Went for an long wade today with little success.however i did manage to find some not so hungry convicts.i must have cast at least too 20 or so and only hooked up twice but the the one's i landed were a couple of Bluto's.this is the biggest one.check the fly in its mouth.cPr.....


----------



## HillCountryBasser (Aug 26, 2008)

Wowzers! What a fight that must've been! Congrats on a great morning....


----------



## Joe. T. (Jun 7, 2008)

yes sir,i was using my new used 5wt i got from skiffstiff.good way to break it in


----------



## flyfishingmike (Nov 26, 2010)

Those guys are beautiful . . . and strong.
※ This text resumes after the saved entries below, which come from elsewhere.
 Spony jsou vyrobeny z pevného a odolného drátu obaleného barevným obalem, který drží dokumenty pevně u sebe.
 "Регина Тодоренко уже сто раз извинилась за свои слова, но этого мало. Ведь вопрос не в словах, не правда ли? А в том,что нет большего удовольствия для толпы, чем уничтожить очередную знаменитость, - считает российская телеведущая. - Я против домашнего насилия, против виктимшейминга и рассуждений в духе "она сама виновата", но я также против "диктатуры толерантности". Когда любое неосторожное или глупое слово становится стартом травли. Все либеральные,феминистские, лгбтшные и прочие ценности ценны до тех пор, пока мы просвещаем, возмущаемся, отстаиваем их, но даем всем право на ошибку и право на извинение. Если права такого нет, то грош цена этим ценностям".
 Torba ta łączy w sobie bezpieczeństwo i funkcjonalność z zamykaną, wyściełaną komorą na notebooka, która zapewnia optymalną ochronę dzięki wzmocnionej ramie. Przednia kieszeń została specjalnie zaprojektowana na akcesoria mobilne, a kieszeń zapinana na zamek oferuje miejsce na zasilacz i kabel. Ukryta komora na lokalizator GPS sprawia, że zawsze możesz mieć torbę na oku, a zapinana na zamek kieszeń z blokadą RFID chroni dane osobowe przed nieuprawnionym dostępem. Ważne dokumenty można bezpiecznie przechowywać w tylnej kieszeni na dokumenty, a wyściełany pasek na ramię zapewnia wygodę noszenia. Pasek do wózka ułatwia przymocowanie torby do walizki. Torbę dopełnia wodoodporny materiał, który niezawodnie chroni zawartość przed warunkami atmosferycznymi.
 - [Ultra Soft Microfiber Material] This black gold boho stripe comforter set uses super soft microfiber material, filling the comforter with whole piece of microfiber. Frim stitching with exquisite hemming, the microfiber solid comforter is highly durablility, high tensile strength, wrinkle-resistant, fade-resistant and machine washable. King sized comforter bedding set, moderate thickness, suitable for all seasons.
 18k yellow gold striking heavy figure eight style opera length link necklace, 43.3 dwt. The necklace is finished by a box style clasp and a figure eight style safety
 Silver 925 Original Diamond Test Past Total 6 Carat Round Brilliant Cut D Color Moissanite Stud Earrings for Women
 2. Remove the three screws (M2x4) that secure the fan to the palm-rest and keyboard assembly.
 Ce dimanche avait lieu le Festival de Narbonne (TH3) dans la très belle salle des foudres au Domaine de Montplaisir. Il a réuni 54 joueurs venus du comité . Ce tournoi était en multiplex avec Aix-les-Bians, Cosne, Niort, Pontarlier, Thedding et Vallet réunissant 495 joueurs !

Musta been fun!


----------



## Worm Drowner (Sep 9, 2010)

Great report! A 5wt must have made for a really interesting fight!


----------



## flynut (Jun 30, 2009)

Joe. T. said:


> yes sir,i was using my new used 5wt i got from skiffstiff.good way to break it in


 good job on the sheepies! all skiffstiff rods have the skiffstiff mojo!


----------



## Joe. T. (Jun 7, 2008)

Gotta love mojo....


----------



## SKIFFSTIFF (May 8, 2009)

*Texas permit*

Joe T,
Glad to see that the rod is working out for you.Nice fish and pics.

SKIFFSTIFF


----------



## Joe. T. (Jun 7, 2008)

Thanks, was really impressed with the way it cast.lookin forward to getting some more of these hogs in the coming months.as you can see they love the crack fly also.cPr


----------



## SKIFFSTIFF (May 8, 2009)

*Texas permit*

I thought that fly looked familiar.I got lucky and caught two while I was fishing with Flynut awhile back on that same fly pattern.
Skiffstiff


----------